At mile 40 I had just under an hour to make it the 16 miles back to transition to clock a 3:00 split, but in my current state that 16 miles took me 1:11. Oh boy.
Run: 2:12:50, 10:08
I came into T2 a complete wreck. Crying, shaking and so incredibly frustrated. Mark was there along with a medical volunteer who tried to take my bike, as I apparently looked as bad as I felt. I told her I was going to try and collect myself and walked over to my rack. Through a miracle of happenstance Mark was able to get a pass from Coach Jason and they both met me at my running shoes. I explained to him through tears how disappointed I was and the misery of my current condition. I asked him if I was really going to walk 13.1 miles and he looked at me and genuinely asked, “I don’t know, are you?” He urged me at the very least to try to run and said something that kept me going, “You are so much tougher than you think and you have proved that time and again.” Come on Capalbo, you can do this.
A lot went through my head during the long 13.1 mile walk/run. The first 6ish miles of the course is pretty brutal so I ran when I could but also walked a great deal. I thought of Hillary and the “no DNF” rule she sticks to when the going gets tough. I thought of Kelly who was racing in St. Croix and had sent me a message in the days prior, “Your body can endure so much more than you think you can.” Elyse offered a beacon of light with a few sips of flat coke and by running a few steps with me. And then in his usual amazing display of support, Mark was there what seemed like every few miles to offer encouragement. Let’s just say, it wasn’t pretty and it wasn’t fast but I kept moving forward. Ate: water.
Finish: 6:00:51, 10th AG/
After crossing the line, things got worse. I couldn’t catch my breath, as breathing deeply started a vomit reaction. I still couldn’t take anything in, and hadn’t at that point for the last two and half hours. So to the med tent I went. Covered in salt, and apparently very hot and dry to the touch, I was given an IV and told to sit tight. The battle was over.
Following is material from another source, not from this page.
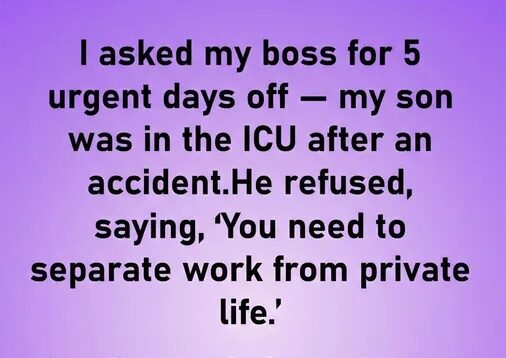 That first night blurred into morning. I slept in a plastic chair, waking at every sound. When the sun rose, I called my boss. Five days off. No vacation, no drama—just time to be there for my son.
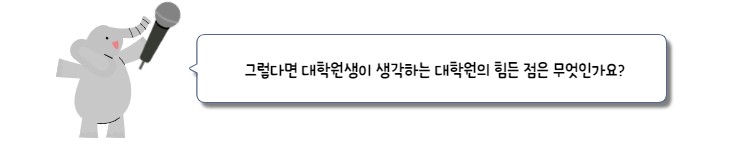 익명이 : 대학원에 오게 되면 아무래도 친구들이 주변에 하나둘씩 취업을 하게 되는데 스스로 비교를 하게 돼서 힘들더라고요. 미래의 불확실성에 대한 두려움도 항상 있는 것 같아요. 그리고 학부생 때와 달리 대학원에 오면 단체생활을 하게 되는데 인간관계에서 오는 스트레스도 있고, 연구실마다 다르겠지만 업무적 강도, 교수님 등... 그런 여러 가지 부분에 있어서 좀 힘든 것 같습니다.

As I said at the start of this post, my emotions have been on a roller coaster, though they seem to have come back to equilibrium. Many thanks to many very smart and experienced friends who have reminded me that we can learn more from our bad days than from our good ones. I think coach said it best. He said that Ironman will be hard. No matter what that day brings there will be dark moments, possibly even darker than this past weekend. And although training has been great and I have been feeling strong, I am not unstoppable and I need to keep my complacency in check. The mental and physical struggle I had to overcome to finish on Saturday was a much needed, and very timely, reminder that Coeur d’Alene is coming and it is not going to be easy.
I will learn from this. I will make changes. And I will move forward.